1. Solid Fuel/Circulating Fluidized Bed - A 70 MW plant located at current JDY site, costing $270 million, and fueled by a mix of Petroleum Coke, Coal and Biomass. It will be able to support current snowmelt system as well as, with additional modifications, a district heating system. The CEP puts the levelized cost of electricity from this starting in 2016 option at $74.9 per MwH with no Greenhouse gas penalty, and $98.6 per MwH with one.
2. Combined Cycle Gas Turbines - Two LM2500 Combined Cycle turbines costing $105M for 70 MwH capacity (Garforth) or $90M for 55 MwH capacity (HDR/P21). It will be fueled with Natural Gas. It will be able to support current snowmelt system as well as, with additional modifications, a district heating system. The CEP puts the levelized cost of electricity from this option, starting in 2016, at $65.5 per MwH with no Greenhouse gas penalty, and $75.7 per MwH with one.

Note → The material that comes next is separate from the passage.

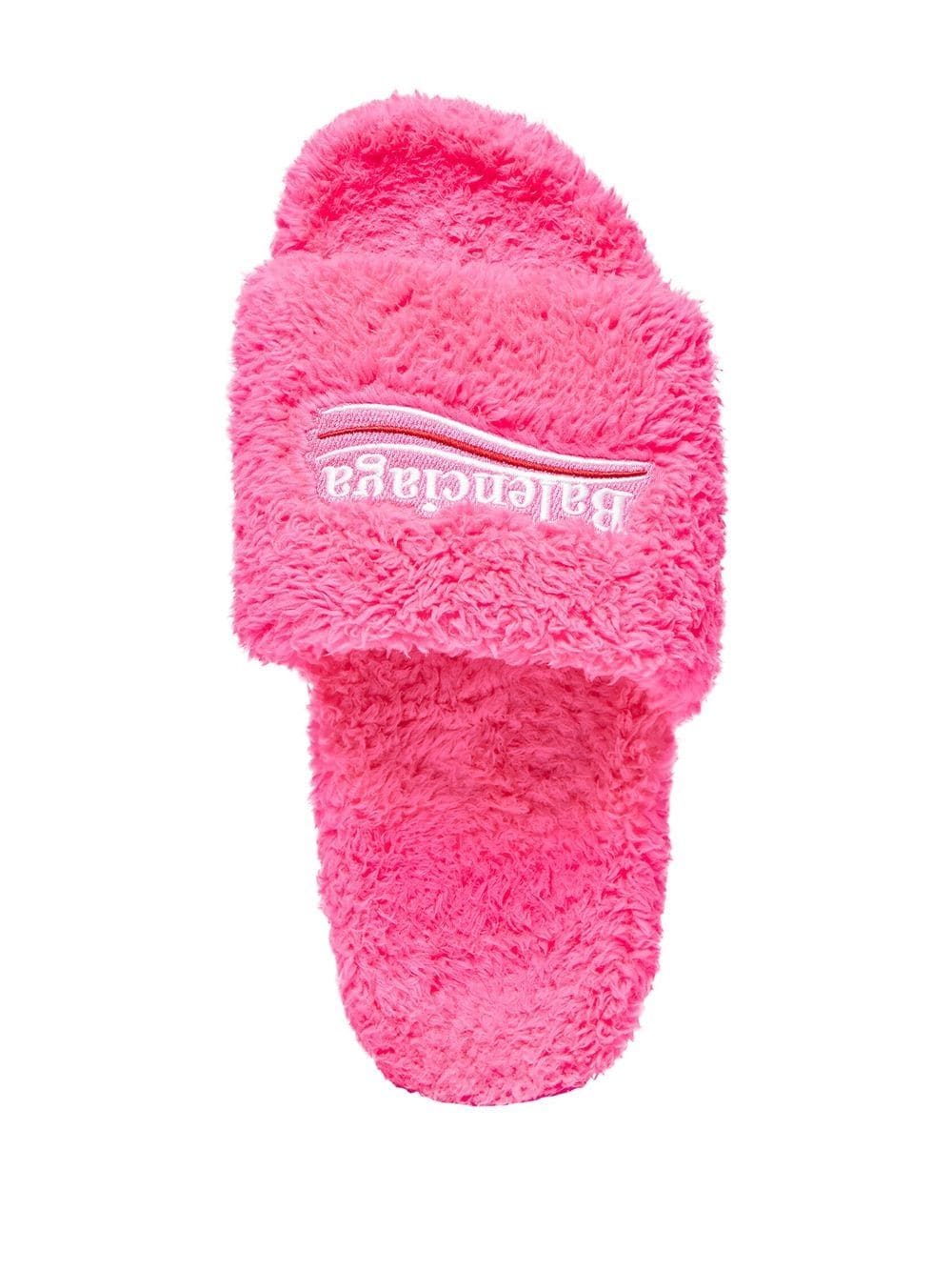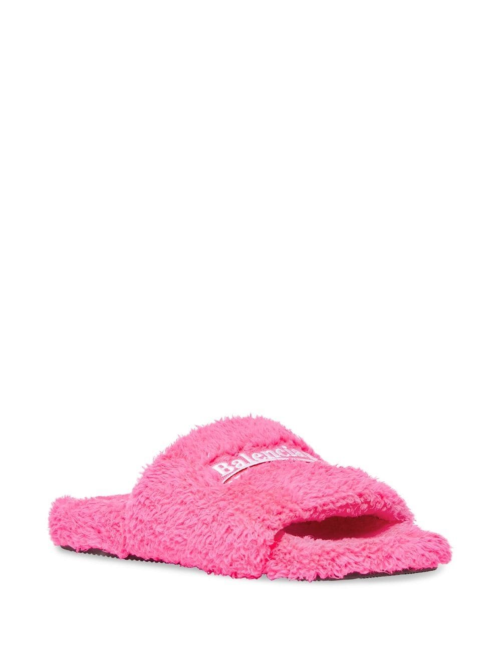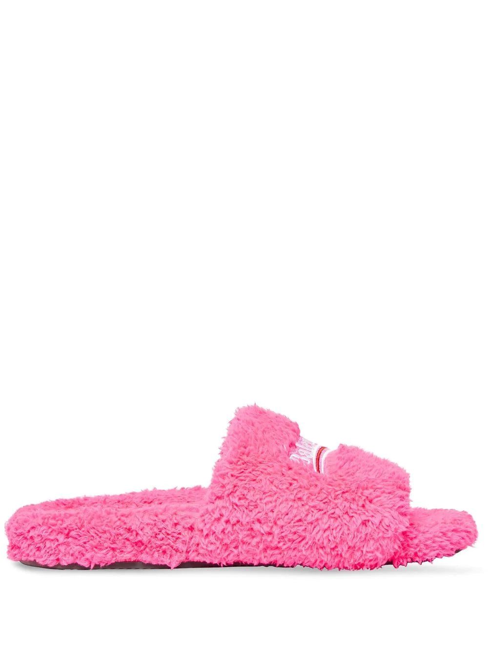 Inspired by the corporate vision, Balenciaga's Political Campaign logo was first introduced in the brand's AW17 collection. Here, the signature motif is embroidered to the strap of these Furry slides, a hot-pink slip-on pair crafted from soft towelling.

3. Combined Heat and Power Plant - One LM2500 Combined Cycle turbine costing $60M for 30 MwH capacity (Garforth) or $40M for 20 MwH capacity (HDR/P21). It will be fueled with Natural Gas. It will be able to support current snowmelt system as well as, with additional modifications, a district heating system. The CEP puts the levelized cost of electricity from this option, starting in 2016, at $81.1 per MwH with no Greenhouse gas penalty, and $91.9 per MwH with one.
The following table shows the Option-Benefit matrix as developed by HDR, and discussed at the first RAP session:
If this is supposed to be just a preliminary idea of how the final process is going to work, that's fine. But if these are the only real categories that are going have weight in the final decision, that seems problematic. There are at least two fairly important concerns that are not dealt with at all here.
One, there's no scoring of emissions, which is important when we talk about the high cost of externalities. A new paper in the American Economic Review attempts to estimate the cost imposed on society by air pollution, and allocate it across industries. The costs being calculated don’t include the long-run threat of climate change; they’re focused on measurable impacts of pollution on health and productivity, with the most important effects involving how pollutants — especially small particulates — affect human health, and use standard valuations on mortality and morbidity to turn these into dollars. The following table represents their findings as it relates to the present discussion:
A lot of that backs up what the Garforth report details. In the case of the AER report, it estimates the the Gross Economic Damage (GED) costs of Coal at an additional $28 per MwH, and Natural Gas at an additional $8 per MwH. This is very consistent with the GHG penalty the Garforth report applies to the two different fuel sources, which assigned a $24 and $10 penalty respectively.
Secondly, what the matrix also doesn't do is score financial risk. The larger list of categories does talk about fixed and variable costs, and that underscores in some sense the idea that larger projects carry more downsides than smaller ones do, as well as the idea that both Coal and Natural Gas have very uncertain price forecasts. But I don't think they are robust enough to underscore how much downside financial risk there is in large scale public works projects that are built, in some sense, on speculation of future revenues from a future clientele that is not at all certain. There is a category entitled 'Capacity Market Revenue' that deals with selling excess energy, but that is scored as a pure positive, without a corresponding acknowledgement that having an excess built capacity represents a downside risk as well.
Hopefully, these two areas get fuller attention in the next RAP session; without a fuller accounting of emissions as a serious social cost and financial risk as a large element, its hard to say that the final analysis will be at all comprehensive.